| EXERCISE DESCRIPTION |
Transcribe, starting at the line with "TP-LINK 5-Port Gigabit" and ending at the line with "而當抓握使用時,由於鼠標的這", every line of the material below exactly, but leave out the pictures and anything outside that span.

| TASK INPUTS |
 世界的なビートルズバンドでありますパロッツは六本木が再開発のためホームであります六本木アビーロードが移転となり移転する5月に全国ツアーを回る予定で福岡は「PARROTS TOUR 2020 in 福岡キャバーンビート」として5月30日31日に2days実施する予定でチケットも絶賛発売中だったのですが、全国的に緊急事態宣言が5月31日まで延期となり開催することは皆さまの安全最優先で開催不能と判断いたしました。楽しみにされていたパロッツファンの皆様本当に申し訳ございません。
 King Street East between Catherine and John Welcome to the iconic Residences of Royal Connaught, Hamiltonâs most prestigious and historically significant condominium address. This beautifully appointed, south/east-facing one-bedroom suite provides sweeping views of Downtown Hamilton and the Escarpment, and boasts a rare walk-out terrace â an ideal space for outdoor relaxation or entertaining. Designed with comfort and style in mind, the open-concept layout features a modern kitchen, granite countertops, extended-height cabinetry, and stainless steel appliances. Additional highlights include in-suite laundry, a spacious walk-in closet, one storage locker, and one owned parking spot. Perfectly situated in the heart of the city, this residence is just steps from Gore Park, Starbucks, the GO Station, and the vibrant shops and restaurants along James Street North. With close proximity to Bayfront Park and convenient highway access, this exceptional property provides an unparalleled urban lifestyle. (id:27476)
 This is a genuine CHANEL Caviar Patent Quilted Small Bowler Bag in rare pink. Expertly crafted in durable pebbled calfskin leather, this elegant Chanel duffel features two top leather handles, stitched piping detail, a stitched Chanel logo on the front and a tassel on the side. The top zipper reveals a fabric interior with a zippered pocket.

==

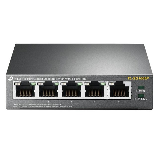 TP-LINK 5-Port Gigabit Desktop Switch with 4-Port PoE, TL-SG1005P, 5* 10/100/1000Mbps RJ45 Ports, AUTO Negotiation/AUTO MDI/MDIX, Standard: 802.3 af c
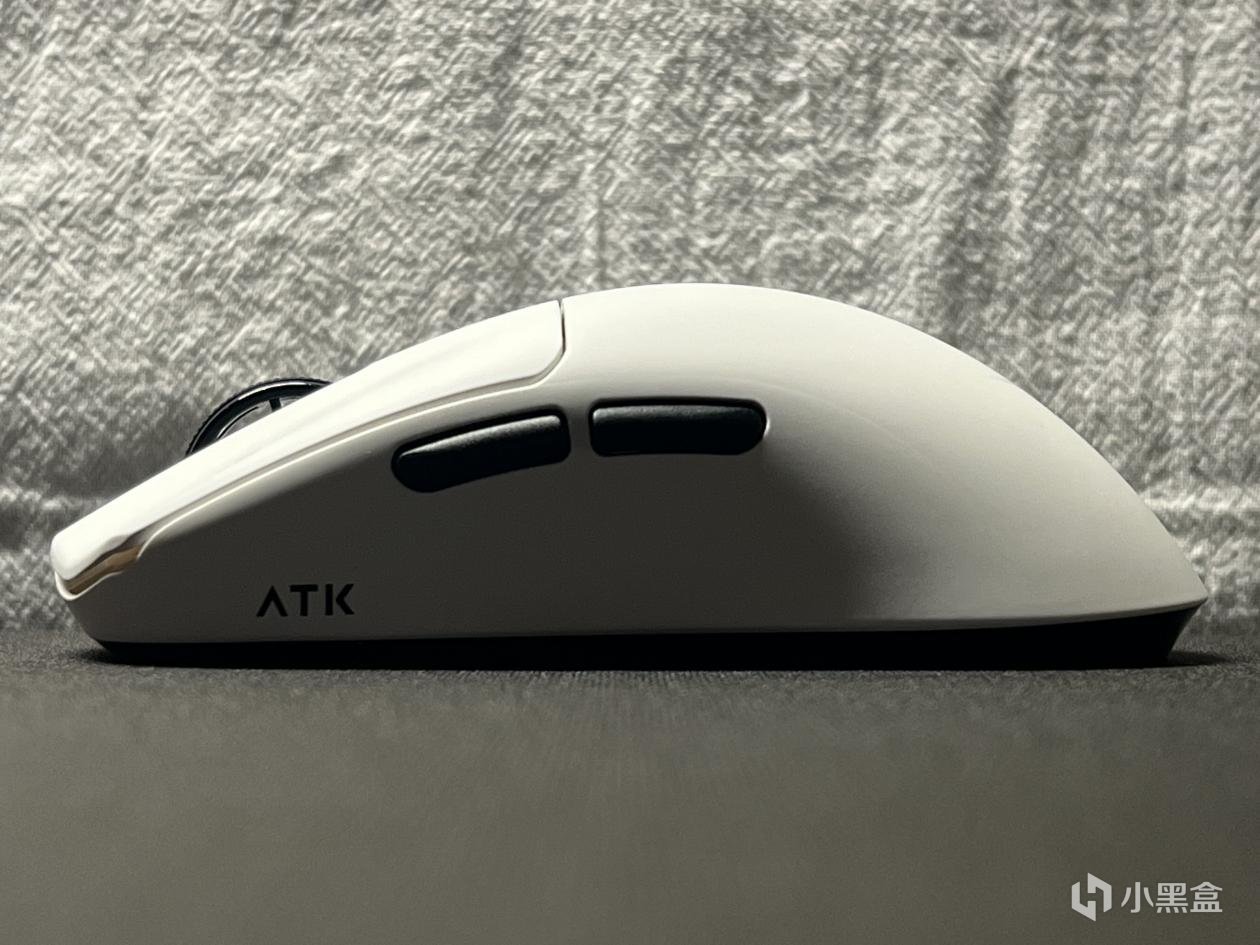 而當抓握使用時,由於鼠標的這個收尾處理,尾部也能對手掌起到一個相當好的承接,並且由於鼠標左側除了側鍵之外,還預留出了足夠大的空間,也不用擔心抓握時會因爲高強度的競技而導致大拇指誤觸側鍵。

| TASK RESULT |
 TP-LINK 5-Port Gigabit Desktop Switch with 4-Port PoE, TL-SG1005P, 5* 10/100/1000Mbps RJ45 Ports, AUTO Negotiation/AUTO MDI/MDIX, Standard: 802.3 af c
 而當抓握使用時,由於鼠標的這個收尾處理,尾部也能對手掌起到一個相當好的承接,並且由於鼠標左側除了側鍵之外,還預留出了足夠大的空間,也不用擔心抓握時會因爲高強度的競技而導致大拇指誤觸側鍵。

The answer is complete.